Hate speech poses a serious threat to social cohesion and individual well-being, particularly on social media, where it spreads rapidly. While research on hate speech detection has progressed, it remains largely focused on English, resulting in limited resources and benchmarks for low-resource languages. Moreover, many of these languages have multiple linguistic varieties, a factor often overlooked in current approaches. At the same time, large language models require substantial amounts of data to perform reliably, a requirement that low-resource languages often cannot meet. In this work, we address these gaps by compiling a meta-collection of hate speech datasets for European Spanish, standardised with unified labels and metadata. This collection is based on a systematic analysis and integration of existing resources, aiming to bridge the data gap and support more consistent and scalable hate speech detection. We extended this collection by translating it into European Portuguese and into a Galician standard that is more convergent with Spanish and another Galician variant that is more convergent with Portuguese, creating aligned multilingual corpora. Using these resources, we establish new benchmarks for hate speech detection in Iberian languages. We evaluate state-of-the-art large language models in zero-shot, few-shot, and fine-tuning settings, providing baseline results for future research. Moreover, we perform a cross-lingual analysis with our target languages.

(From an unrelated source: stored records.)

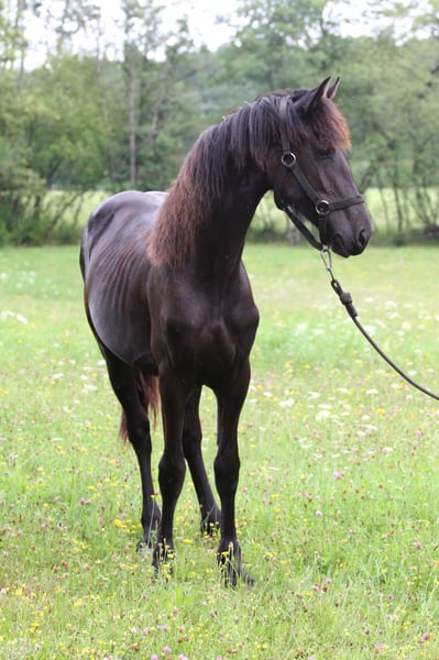 This young, elegant Friesian mare captivates with her impressive appearance and majestic demeanor. She moves very light-footedly, with a lot of overstride and impulsion. Whether at the show or in the dressage arena, she is sure to attract everyone's attention. She was born on 14.5.2023 and is by Sipke 450 (Teade x Ulke) out of the mare Aria (Jurre o. x Doaitsen). She is chipped and registered in the "Veulenboek". Winni is very alert, attentive, but also people-oriented and cuddly. She has mastered everything a horse of her age needs to know - she hooves easily, can be led and groomed. She is also very uncomplicated in the herd. She has of course been vaccinated, wormed and regularly presented to the farrier. She is happy to stay for breeding (very favorable conditions, several mates of the same age). She is healthy and can be tested at any time. Several interesting horses in the other ads. If you are looking for something else, please contact us. Do you need to convince yourself of our work? Visit our Facebook page, where you can also find reviews from our foreign customers.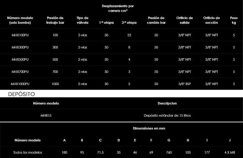 La serie MHX-PU ofrece las mismas características que la serie MHX con la diferencia de que éstas se suministran como unidad de bomba, sin el depósito de fluido. La bomba se suministra completa con un kit de montaje para acoplar fácilmente cualquier depósito de fluido diseñado especialmente, y una palanca de accionamiento.
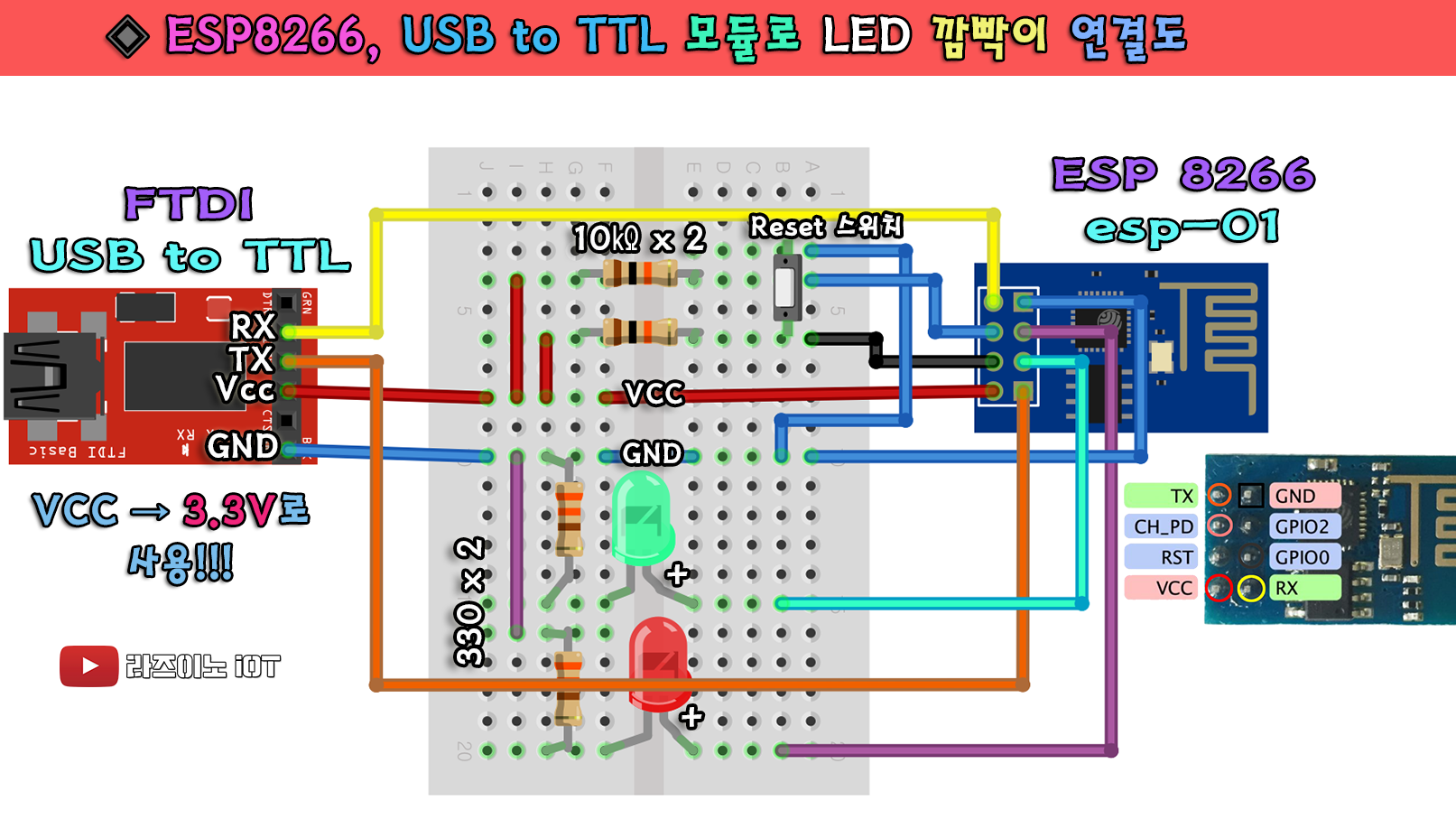 【 #4 ESP01(LEDx2) ↔ USBtoTTL 연결도 】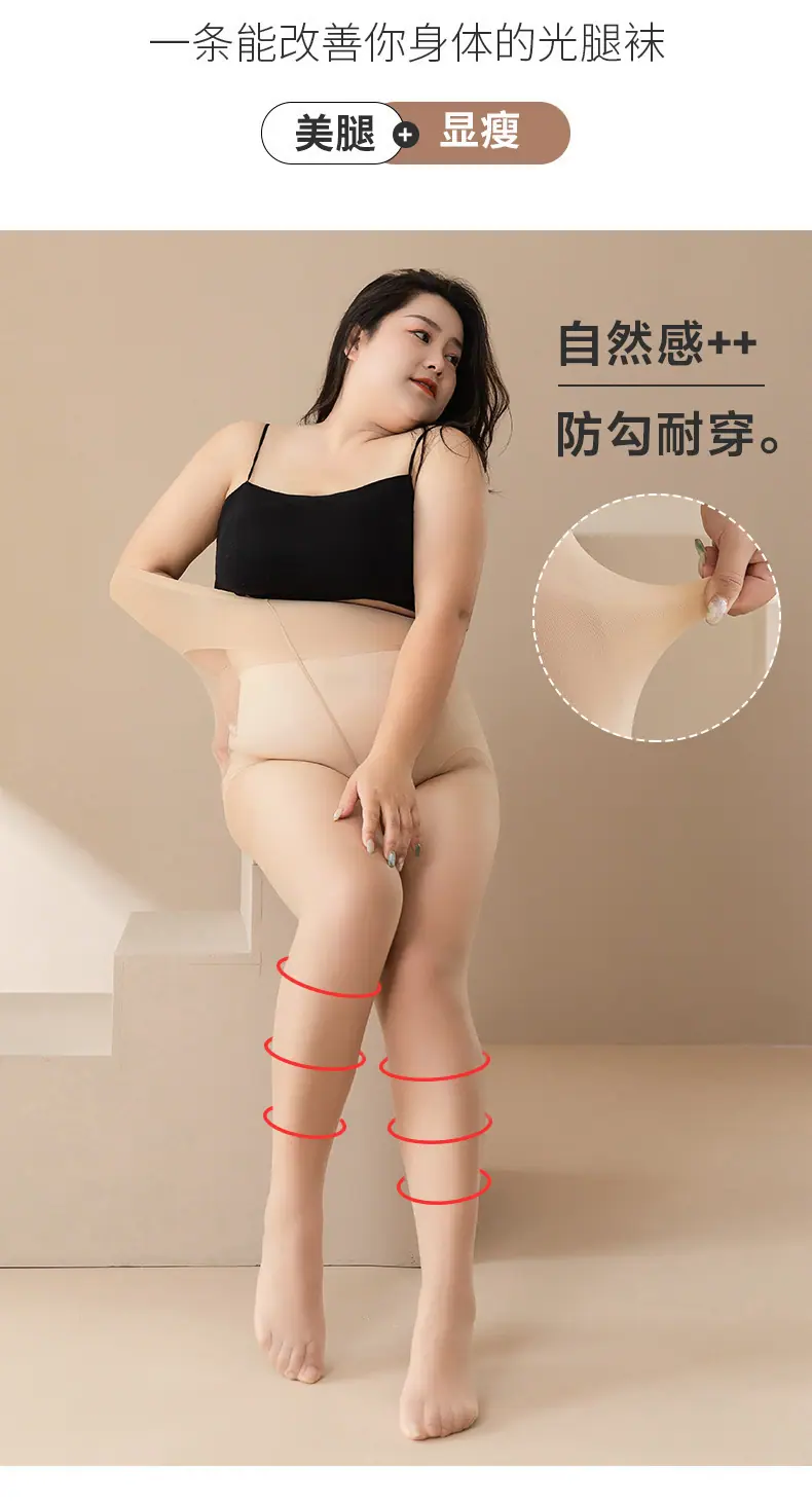 Pantyhoses de Talla Grande para Mujer, Anti-Desgarro, Verano Delgados Largos Color Negro Nude

Our findings underscore the importance of multilingual and variety-aware approaches in hate speech detection and offer a foundation for improved benchmarking in underrepresented European languages.

Paper Structure

This paper contains 37 sections, 5 figures, 8 tables.

Figures (5)

  • Figure 1: Word clouds of topics for Spanish, Portuguese, Galician (ES) and Galician (PT).

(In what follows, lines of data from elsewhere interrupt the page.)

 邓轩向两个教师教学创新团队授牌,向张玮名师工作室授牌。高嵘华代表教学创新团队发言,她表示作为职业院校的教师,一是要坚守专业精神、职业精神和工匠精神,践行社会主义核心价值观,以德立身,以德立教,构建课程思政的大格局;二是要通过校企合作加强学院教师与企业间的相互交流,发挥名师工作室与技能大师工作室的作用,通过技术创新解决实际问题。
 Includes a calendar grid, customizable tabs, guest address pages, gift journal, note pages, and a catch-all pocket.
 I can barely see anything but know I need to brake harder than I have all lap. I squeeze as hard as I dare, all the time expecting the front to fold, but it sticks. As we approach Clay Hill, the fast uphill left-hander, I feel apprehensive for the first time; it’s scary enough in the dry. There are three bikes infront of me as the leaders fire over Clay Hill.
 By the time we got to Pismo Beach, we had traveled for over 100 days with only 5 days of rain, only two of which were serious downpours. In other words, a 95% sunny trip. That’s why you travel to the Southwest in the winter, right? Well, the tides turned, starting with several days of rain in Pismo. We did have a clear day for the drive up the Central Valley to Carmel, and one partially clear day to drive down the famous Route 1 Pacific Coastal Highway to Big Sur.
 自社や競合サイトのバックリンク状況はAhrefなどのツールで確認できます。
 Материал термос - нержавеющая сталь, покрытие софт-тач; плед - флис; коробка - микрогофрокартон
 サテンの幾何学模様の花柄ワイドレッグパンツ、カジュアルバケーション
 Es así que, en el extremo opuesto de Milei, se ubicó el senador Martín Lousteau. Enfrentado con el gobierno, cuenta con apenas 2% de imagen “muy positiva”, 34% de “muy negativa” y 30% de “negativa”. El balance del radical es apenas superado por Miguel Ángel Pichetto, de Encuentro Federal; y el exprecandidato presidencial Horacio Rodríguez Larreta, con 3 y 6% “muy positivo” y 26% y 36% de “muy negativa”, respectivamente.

  • Figure 2: t-SNE visualisation of topics for Spanish, Portuguese, Galician (ES) and Galician (PT).
  • Figure 3: Radar plot showing the percentage of posts that contain a word associated with the Plutchik emotions for hate and non-hate data, for Spanish, Portuguese, Galician (ES) and Galician (PT).

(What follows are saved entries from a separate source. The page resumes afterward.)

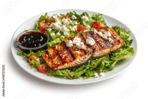 salmon, grilled, salad, lettuce, tomatoes, feta, sauce, bowl, plate, food, meal, dinner, lunch, healthy, diet, protein, vegetable, greener, white background, epicure, culinary, delicious, appetising, nourishment, balanced diet, fresh, cookery, eatery, dish, cooked, food photography, dining, eating, healthy eating, gourmet food, culinary arts
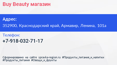 Buy Beauty, магазин по адресу 352900, Краснодарский край, Армавир, Ленина, 101а в дальнейшем Организация, размещена в следующих категориях: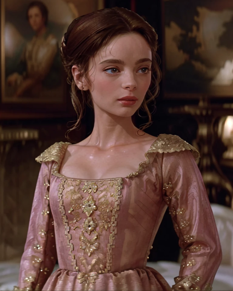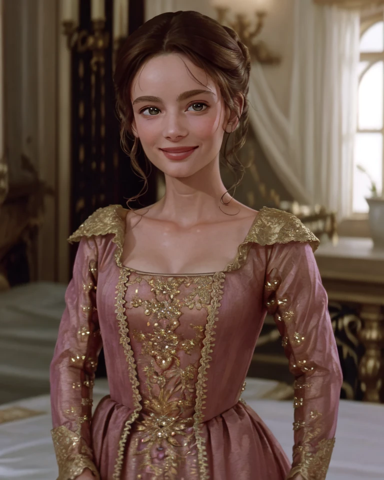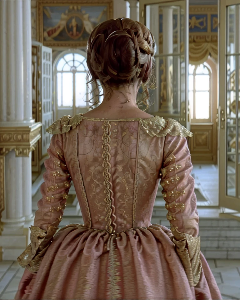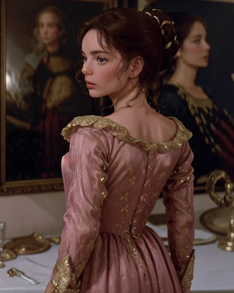 3manne_01, grey eyes, brunette, coiffed hair, hair bun, eyebrows, lips, realistic, pink and gold dress, long sleeves,

  • Figure 4: For each language, Spanish, Portuguese, Galician (ES) and Galician (PT), distribution of verb tenses in hate and non-hate posts (left). And distribution of pronouns in hate and non-hate speech posts (right).
  • Figure 5: Cross-lingual evaluation of BERT-based classifiers fine-tuned on each training language (rows) and evaluated on each target language (columns). Values represent F1 scores (macro-averaged) for the binary classification task of hate speech detection.